### What to do
Find "Индийские женские перья" below and begin at its line; stop after the line with "El cierre para". Output those lines exactly, without pictures.

### Information given
===============
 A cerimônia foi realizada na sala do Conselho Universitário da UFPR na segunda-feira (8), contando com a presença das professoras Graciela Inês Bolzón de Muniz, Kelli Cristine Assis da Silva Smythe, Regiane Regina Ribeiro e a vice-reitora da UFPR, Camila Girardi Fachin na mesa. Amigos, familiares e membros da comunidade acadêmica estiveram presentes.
===============
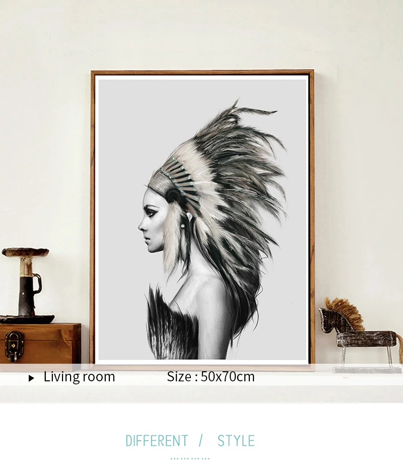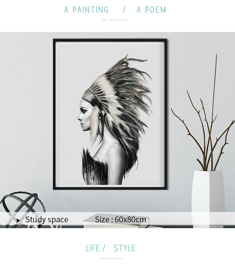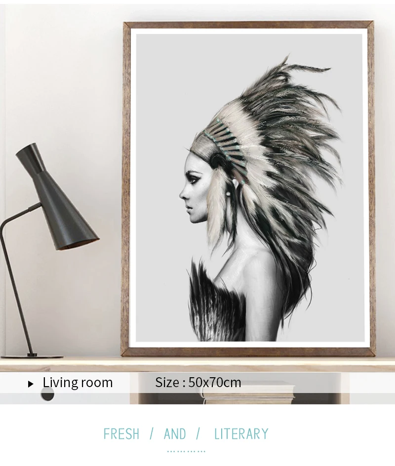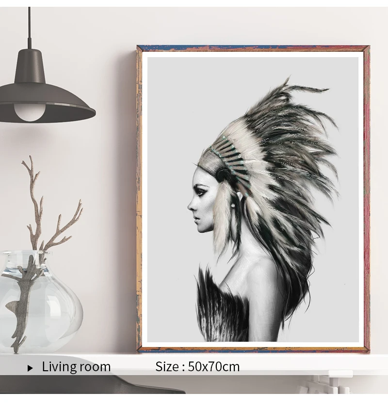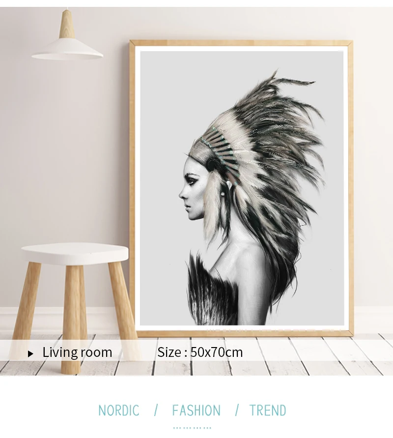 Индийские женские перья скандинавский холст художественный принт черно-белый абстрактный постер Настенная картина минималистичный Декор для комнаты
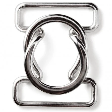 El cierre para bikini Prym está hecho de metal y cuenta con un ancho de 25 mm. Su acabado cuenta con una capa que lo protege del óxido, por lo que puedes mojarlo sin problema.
===============
### Solution to this exercise
 Индийские женские перья скандинавский холст художественный принт черно-белый абстрактный постер Настенная картина минималистичный Декор для комнаты
 El cierre para bikini Prym está hecho de metal y cuenta con un ancho de 25 mm. Su acabado cuenta con una capa que lo protege del óxido, por lo que puedes mojarlo sin problema.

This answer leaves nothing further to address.